BOSTON — Eight years have passed since Boston Bruins left winger Benoit Pouliot's father, Sylvain Pouliot, died of leukemia.
But not one day passes without Pouliot thinking of Sylvain, who passed away in February 2004.
"He took care of me and got me involved with hockey and sports and that's why I am here right now," Pouliot said. "It's because of him. Obviously, I think about him every day. Yeah, it's been a long time. But at the same time, he's my dad and so it's something you have in the back of your mind all the time."
Sylvain is a tremendous source of motivation for Pouliot, who scored the game-winning goal against the Tampa Bay Lightning last night here at the TD Garden. Pouliot netted his goal 11:34 into the third period, breaking a 2-2 tie. The Bruins went on to win 5-2.
Right now, Pouliot, who has five goals and seven assists in his last 10 games, is playing terrific alongside Chris Kelly and Brian Rolston on Boston's extremely hot third line.
The 6-foot-3, 199-pounder has 14 goals and 16 assists this year, tying his career-high 30-point regular season in 2010-11 with the Montreal Canadiens. And that's in 11 fewer games.
Pouliot's career hasn't lived up to expectations yet. Projected to be a prolific scorer, he has 102 points over parts of six NHL seasons.
Pouliot is determined to have a successful career for himself and for his dad, who Pouliot believes still is watching him.
"I just want to do something out there for him," Pouliot said.

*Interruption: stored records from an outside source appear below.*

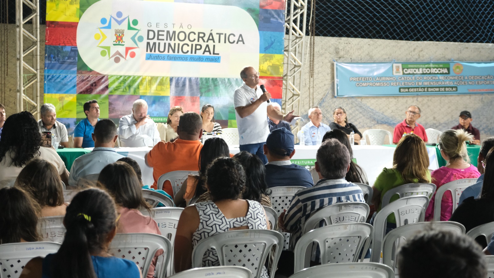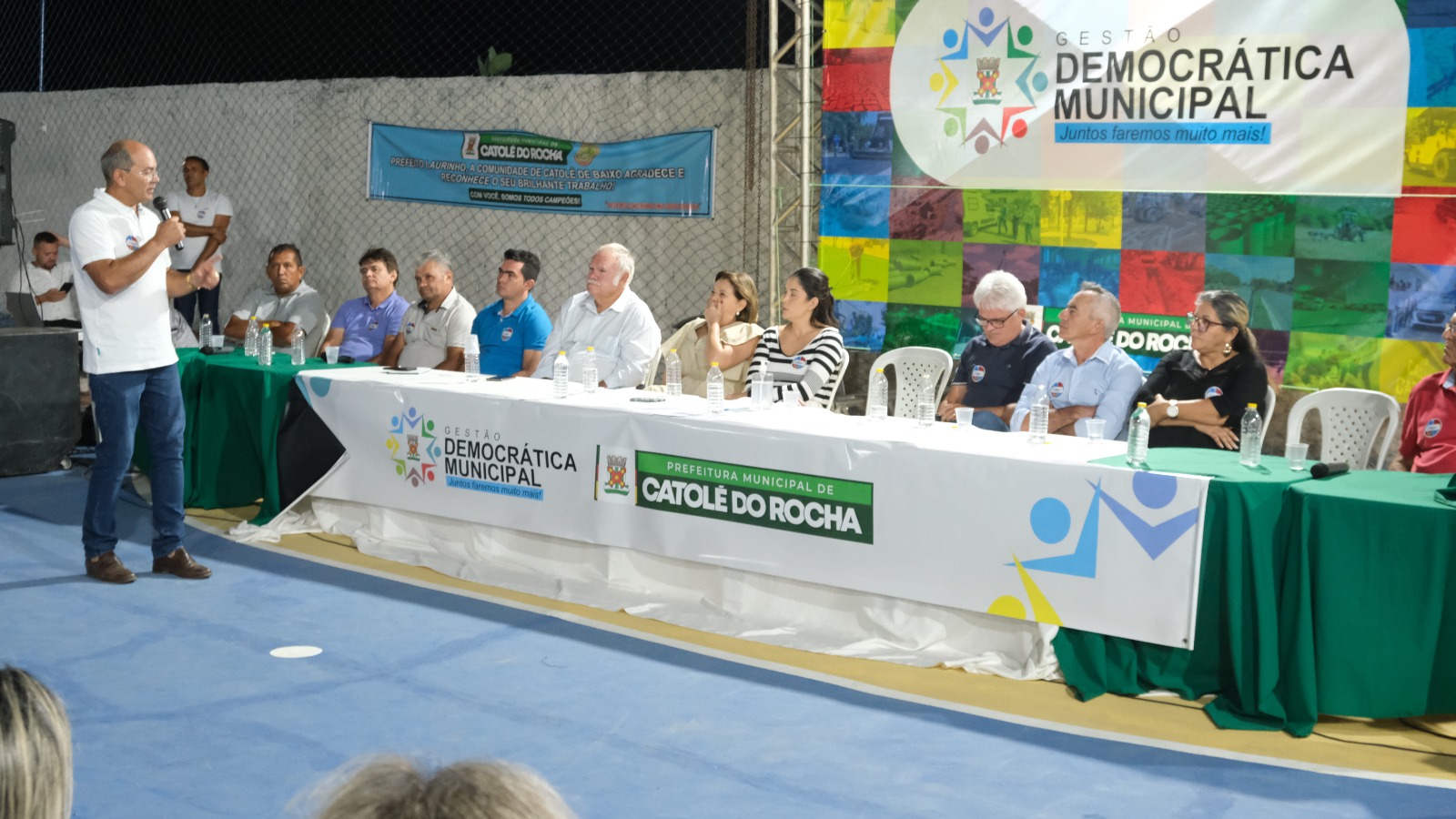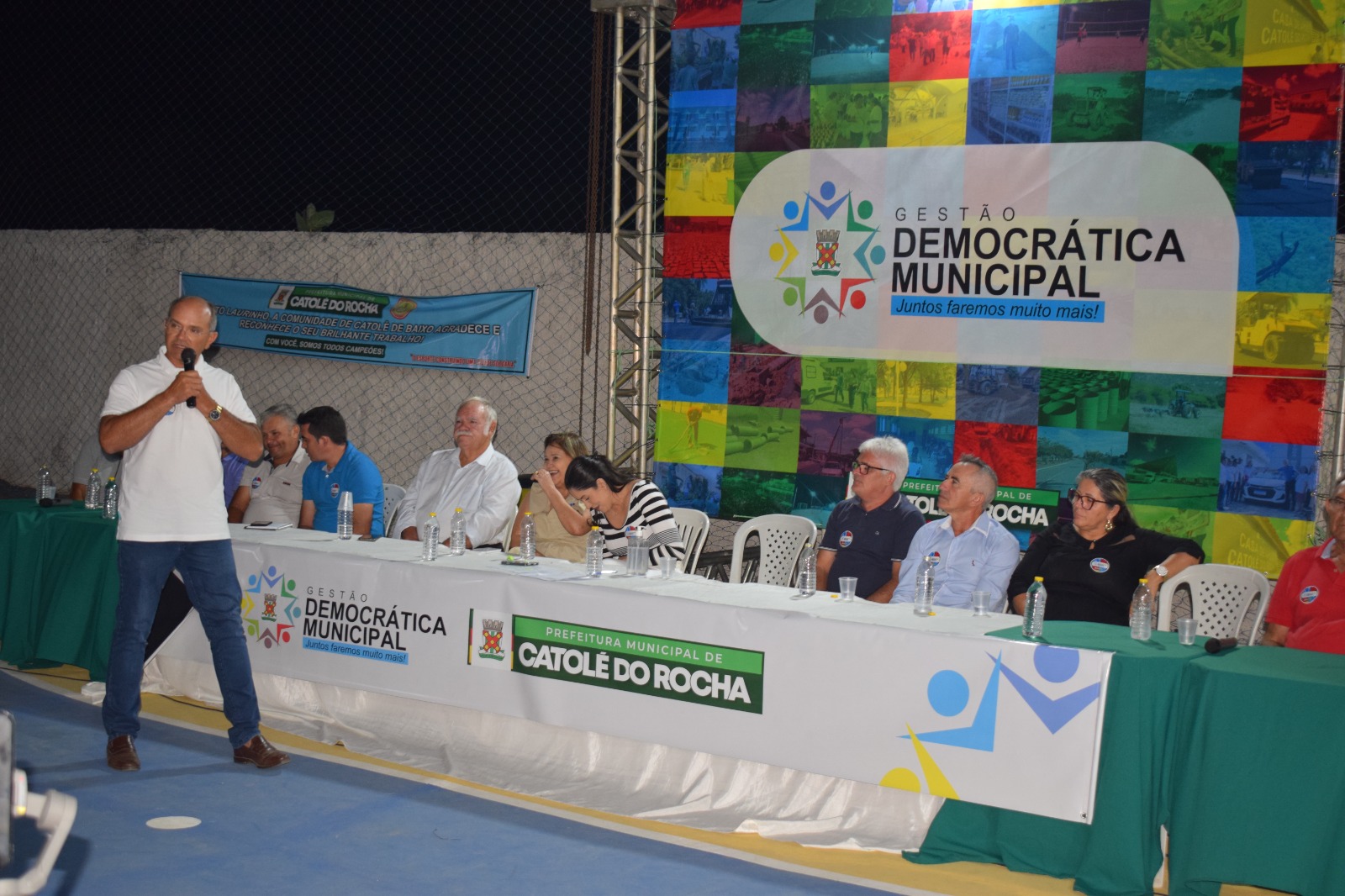 “Hoje, estou aqui agradecendo à Deus pela oportunidade de realizar os compromissos assumidos. Catolé de Baixo ganhou essa Quadra de Esportes, a distribuição de material esportivo para os desportistas, a melhoria das estradas vicinais, a construção dos coletores de alvenaria (lixo) e a ampliação e construção de tanques/bebedouros para os animais. A cessão de uso do Colégio Estadual já está em tramitação no governo do estado. Em Vaca Morta, Mapirunga e São Gonçalo II também foram construídos os coletores de alvenaria (lixo). Já compramos os tubos (manilhas) para fazer a Passagem Molhada no sítio São Gonçalo II. E assim seguimos, buscando parcerias, encaminhando as demandas que não são de nossa competência e cobrando resultados. Que Deus continue nos abençoando, sempre!”, destacou o prefeito catoleense.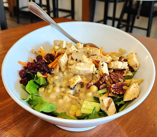 The first time we ate here I didn’t really understand the difference between a bowl and a salad. I ordered the Harvest bowl which had warm, brown basmati rice on the bottom with salad on top. It was a surprise to me and utterly delightful. I wouldn’t have thought of pairing warm rice with a salad, but it worked. The second time I had the Harvest salad which was lovely with chicken, pecans, cranberries, chick peas, spinach, carrot, cuke and greens with goddess dressing. It was fantastic. My husband had the Goddess salad with falafel, which with the chickpeas offered plenty of protein. We were both very happy with choices on both occasions. The salads are made fresh and the ingredients were very good. The salads are too large though. I fought to finish my way through it, and I noticed several other customers had left fairly good amounts of their salads in the bowls. It might be a good idea to serve a little less and reduce the price in line with the serving. In terms of staff, the first visit the lady was very friendly and the restaurant was clean. The second time a different lady, who was later joined by another employee, was just barely nice. The place was not as clean either (tables and floor). The restroom had not been tended to, paper on the floor and no soap in the dispenser, so it seems there are staffing issues. I would probably return to give it another chance though as the...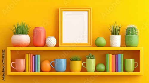 Colorful shelves with plants, books, mugs, and empty frame on yellow background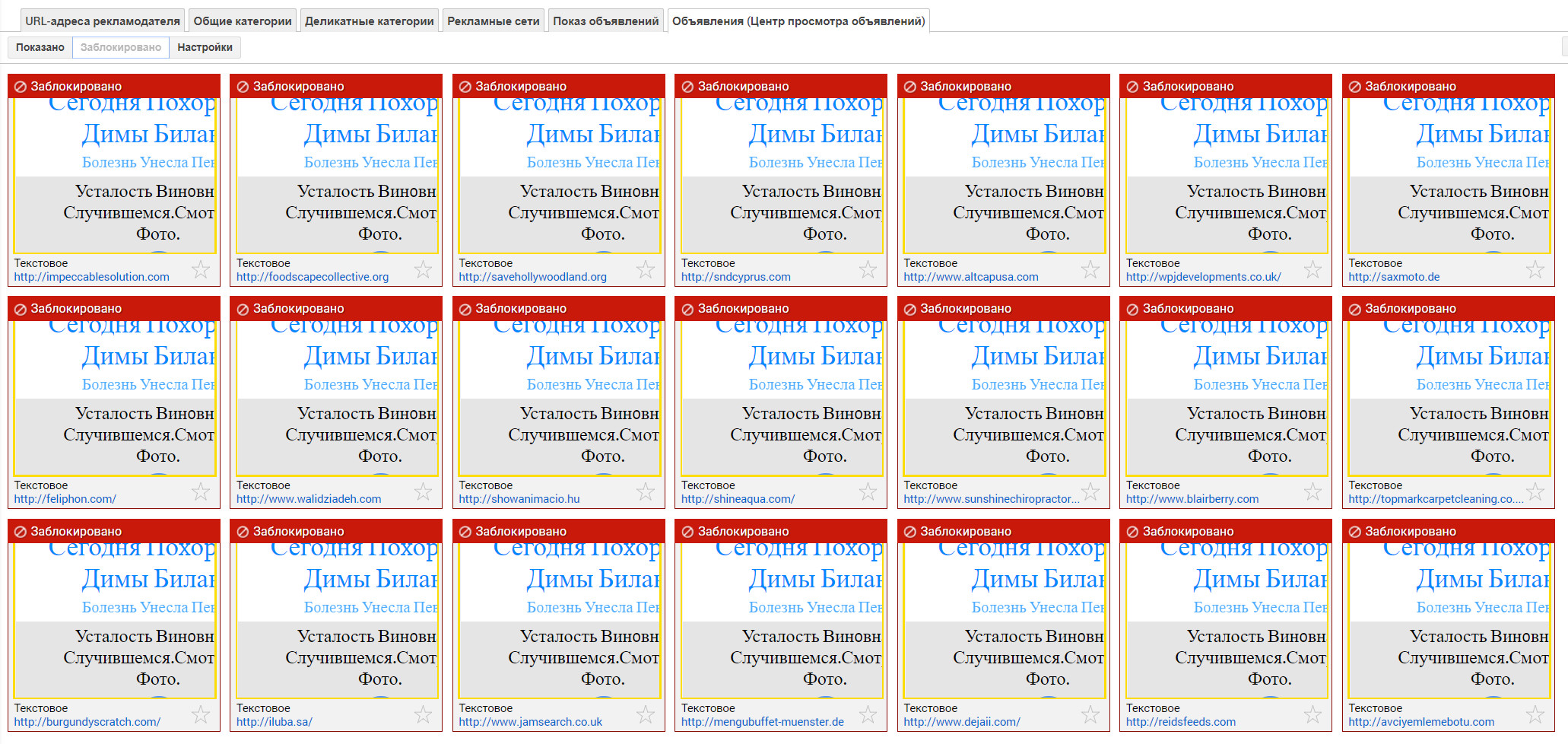Все наверняка натыкались на эти дебильные баннеры "Сегодня похороны Димы Билана", которые постоянно вылезают в Google Adsense. Причем эти баннеры, как правило, рекламируют какие-то вроде вполне нормальные западные сервисы. Видимо, какая-то рекламная шарашка таким образом накручивает посещаемость сайтов, а вот почему к этой шарашке вообще обращаются - то мне неведомо. Также я не очень понимаю, почему Adsense с ними никак не может справиться - они уже с год так развлекаются.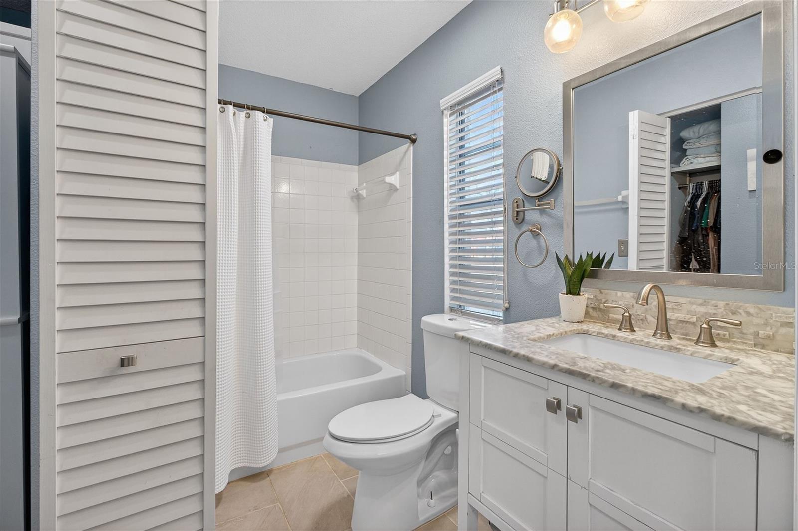 Move-in ready 3-bedroom 2-bath home in central Largo with vaulted ceilings and open floor-plan built for entertaining. The updated Kitchen features newer shaker cabinets(2021), including a pantry cabinet. Newer appliances added (2024) including an LG range, LG refrigerator, and Whirlpool over-the-range microwave. Low-maintenance tile floors in the main living areas and bathrooms. The Primary Bedroom offers ensuite bathroom and walk-in closet. Newer HVAC compressor and air handler. Sliding glass doors from the Kitchen open to a fenced backyard with a newly added patio (2025), well-kept tropical landscape with mature palms, decorative plantings along the perimeter, and established bamboo for added privacy - ready for outdoor relaxation and fun activities! Close to shopping, dining, Largo Mall and just minutes from the local YMCA, beaches, and the Pinellas Trail. Walking entrance to John S. Taylor Park is close by.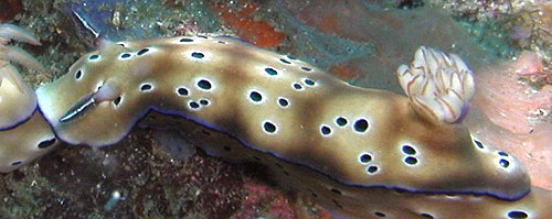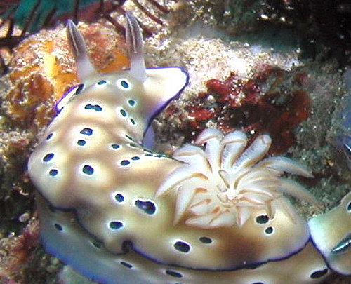 形態特徵: 棕色的身體和白色的腹足。 身體上背部覆蓋著由白色、淺褐色圓形狀包圍的紫色斑點。 其鰓是半透明的白色或者淺褐色的,嗅角(rhinophores)為棕色、暗褐色並覆蓋白色的線條。 它的套膜邊緣有一條薄薄的藍或紫色的線。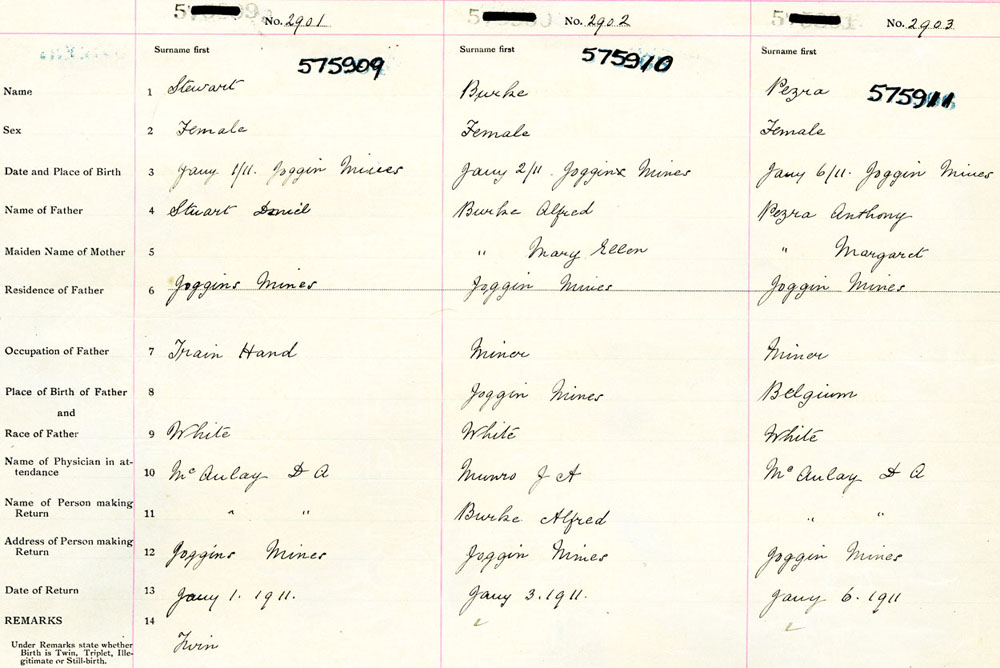 Female Birth Registration: Year: 1911 number: 57500911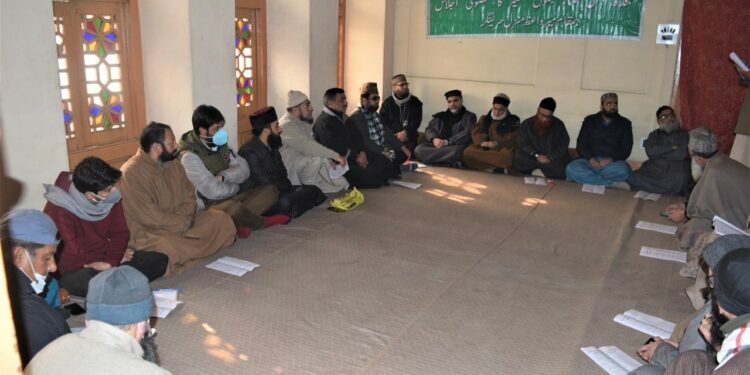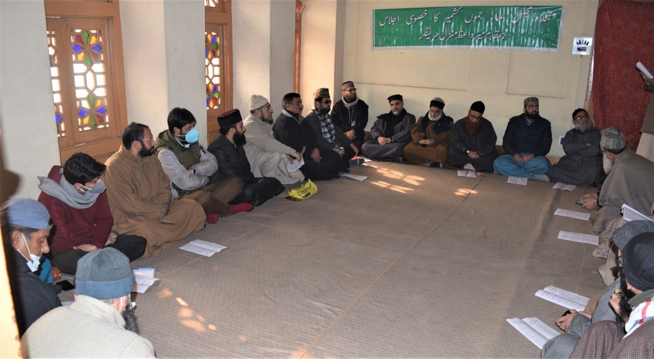 Srinagar, CNS,14- Dec: A meeting of Muttahida Majlis-e-Ulema Jammu & Kashmir was held at Mirwaiz Manzil Rajouri Kadal, Srinagar, after authorities disallowed it to be held at the Anjuman Auqaf headquarters at Jama Masjid Srinagar. The meeting was presided over by the leading Islamic scholar of J&K Mufti Nazir Ahmad Qasmi, as MMU president Mirwaiz Umar Farooq continues to be under house detention for the past two and a half years since August 5th 2019.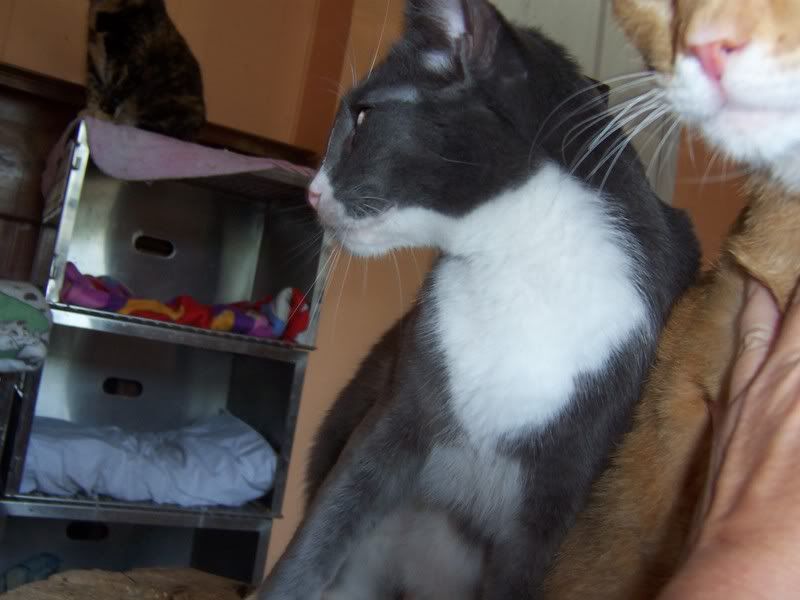 This gray and white one was the first on to jump in my arms both times I visited them. He didn't want to get down.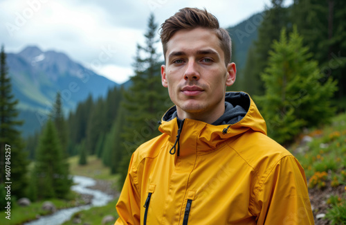 A young man in a yellow jacket standing outdoors in a mountainous forest landscape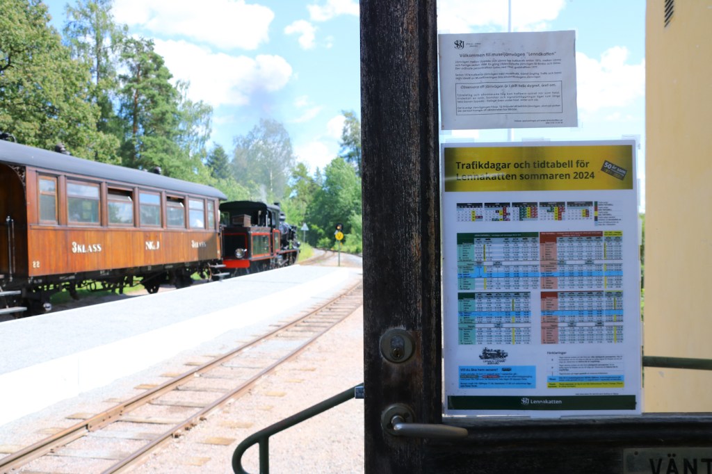 Tidtabell för sommaren på stationshuset i Marielund, och en av de vackra trävagnarna till stora ångtåget.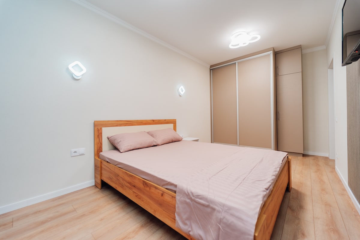 Welcome to your cozy stay in Chișinău, located in the green and quiet Buiucani area. This brand-new construction apartment has just been fully renovated — everything is fresh, clean, and modern. ✨ What you’ll love: • Newly renovated apartment with modern finishes • Washer & dryer inside the apartment (ideal for longer stays) • Bright, clean, and comfortable living space • Restaurants, cafés, and grocery stores right downstairs for maximum convenience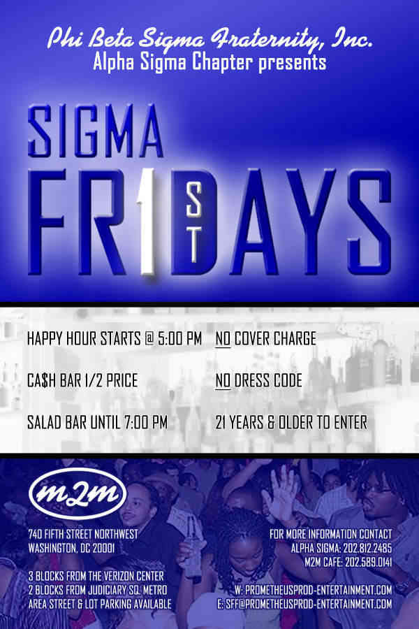 Come joint the Brothers of Phi Beta Sigma Fraternity Inc., Alpha Sigma Chapter as we present Sigma First Fridays. Soon to be come the premier social event hosted by Black Greeks in the Washington, DC Metropolitan area for the urban professional to foster social, business, and personal relationships to increase the quality of life.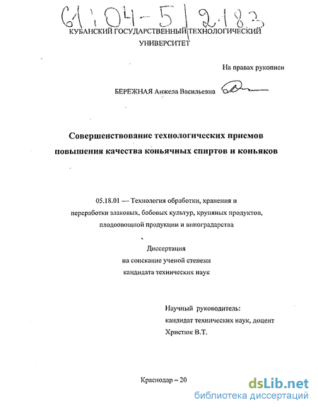3 Экспериментальная часть Научные предпосылки для разработки новой технологии коньячных спиртов и коньяков 49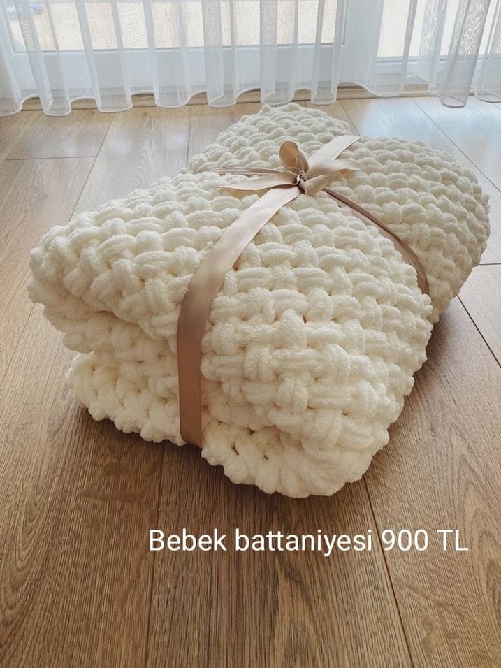 Yumuşak dokulu, beyaz el örgüsü bebek battaniyesi, Bebekleri sıcak tutmak için ideal.

The Minnesota Wild selected Pouliot fourth overall in the 2005 draft — the same draft Sidney Crosby was taken first overall by Pittsburgh.
Pouliot played in just 65 games over parts of 3 1/2 seasons with Minnesota, tallying just nine goals and nine assists. He spent most of his time in the minors before being dealt to Montreal on Nov. 23, 2009.
Pouliot played 118 games over the next season and a half with the Canadiens, scoring 28 goals and adding 26 assists. He then signed with the Bruins during free agency July 1, 2011.
He has gone through stretches where he has been very efficient offensively — such as the way he has played over the past 10 games.
But there have been stretches where he hasn't played well at all — such as his 17 straight games from Jan. 24 through March 3 when he recorded just one goal and no assists.
"It's tough," he said. "There's not always ups. There are downs and you have to deal with it. ... It's hard. You try so hard to do the right thing and sometimes it's not clicking at all."
Sylvain Pouliot was a hockey player himself. And he was extremely proud of Benoit who scored his first ever Ontario Hockey League goal while playing for the Sudbury Wolves in February 2004 — the day before his father died.
Benoit's father did not completely understand what people were telling him during his final days. But Benoit still called home to his mother, Diane, and told her to tell Sylvain he had scored his first OHL goal.
"That was nice," Benoit said. "That (playing for Sudbury) was what he wanted me to do."
Sudbury had just called up Benoit. He had been living at home while playing for the Hawkesbury Hawks of the Canadian Junior Hockey League.
"It was a call-up and I didn't know if I should go or stay home," he said, as he wanted to be near his dad at that time. "But from what I know he (Sylvain) wanted me to go and he just wanted me to play hockey."
Sylvain coached Benoit's baseball teams during the summers and helped turn him into a huge baseball fan.
"I played baseball until I had to stop because of hockey," said Benoit, a Blue Jays fan. "I loved it and I sure miss it. It was nice."
Life is good for Pouliot right now. He is about to enter the playoffs with the defending Stanley Cup champions and he just might be on the hottest line in hockey.
In the last six games, Pouliot, Kelly and Rolston have combined for nine goals and 16 assists.
The Bruins acquired the 39-year-old Rolston from the New York Islanders at the trade deadline Feb. 27. Rolston has 12 points in his last seven games.
"He (Rolston) has been in the league so long he knows what's going on out there and (he is providing) leadership and a lot more right now and it's helping us a lot," Pouliot said. "Our line is clicking."